We are in the process of implementing the PIE architecture using Legion as infrastructure and data from the Networked Computer Science Technical Reference Library (http://www.ncstrl.org/). The current implementation supports interactive creation of Personal Collections using simple and composite Resource Descriptions. The VIRP implementation speaks NCSTRL's native access protocol, Dienst, and does significant caching of data in order to speed search. Both VIRPs and PeCs are Legion objects -- thus they are persistent, relocatable, and can support sharing and controlled access.

Collection Selection

The process of choosing which information resources should be consulted when a query has been posed has been called text database discovery [14], collection selection [5], and database selection [9]. In the PIE, selection happens at two levels. When users create a personal collection, they explicitly include and exclude information collections as they manipulate resource descriptions, so at this level they are performing selection. This process may still yield a large number of remaining resources -- so many that simple broadcast of queries to all resources in the remaining collection might be ill-advised from a network utilization standpoint. The problem at this level then becomes determining which of the remaining resources should be consulted and in what order. This second level is the one that has received attention in the literature, with the assumption that the resource/collection/database with the most "good" or "relevant" material should be consulted first.

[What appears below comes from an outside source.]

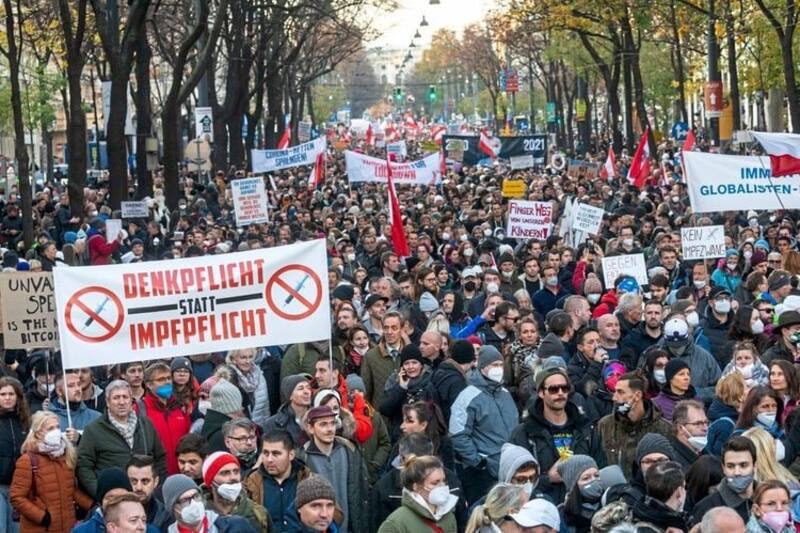 Una de estas es la implementación obligatoria de la vacuna para el general de la población, lo que dio origen a las protestas. “Quiero mi libertad de regreso” y “Paz, libertad, no más dictadura” eran algunas de las consignas de los protestantes manifestaron en contra del plan de vacunación y el aumento de restricciones.

Our work on the selection problem has concentrated thus far on the second level, where the assumption is that some potentially large set of resources has been identified as likely to contain relevant information. One of the problems with early efforts on the selection problem was the lack of agreement on evaluation metrics and test environments, making direct comparison of techniques essentially impossible. We have spent a good deal of effort developing common testbeds within which various selection algorithms might be compared fairly and unambiguously [9]. One point of disagreement in the literature is on what the appropriate "best" or "ideal" method would yield. Regardless of the "ideal" method, our follow-on work indicates that there is still significant improvement possible and desirable [7].

We have also been considering domain specific methods to further prune the search space once a personal collection has been developed [8]. For example, many of the searches on the NCSTRL collection are author restricted. Thus if an NCSTRL site exports its author list in a Resource Description, a PeC holding that RD could easily determine whether sending an author-restricted query to that site would be fruitful by simply checking the author list in the RD. This capability has been implemented in the prototype NCSTRL PIE.

Related Work

The PIE is both a vision of user-centric, customizable access to distributed information and a framework for research. In this section, we take a narrower view and focus on work most related to our current research agenda, recognizing that there are large bodies of work (in, e.g., human/computer interaction, information organization) that are highly related to the larger vision of the PIE, but which are not immediately related to our current research agenda.

Existing Web-based search engines like Infoseek (http://www.infoseek.com/) and Excite (http://www.excite.com/) build centralized, static databases. They offer pre-computed sub-indexes devoted to various popular subjects. Some of these services (www.yahoo.com) allow personalized views of their indexes through registration of a user-profile. Control of the specific data sources from which these indexes are built is generally not possible. We envision a system with greater user control over which individual data streams are examined and their relative importance.

The Harvest project provided tools to gather, extract, index, and organize distributed information. The main focus was on efficiency, not effectiveness. Harvest was not designed for, and does not support, the kind of personalized, dynamic configurability that we propose.

The information retrieval community has begun to look at problems associated with merging results from searches on separate document collections, the problem [26, 27, 5]. Some approaches rely on prior knowledge of a searcher's interest in a particular collection while others rely on complete knowledge of collection statistics. Both approaches have merit.

As we have noted previously, collection selection has been examined in both the information retrieval community [5, 27, 9] and in the database community [15, 14], with information retrieval originated research concentrating on effectiveness issues and DB originated research looking at efficiency. We view collection selection as at least a two-phase process. In the first phase, the user actively participates in the choice of resources to include, with the system providing descriptive information to help in the process. In the second phase, the system provides more explicit guidance about what resources should be contacted and in what order.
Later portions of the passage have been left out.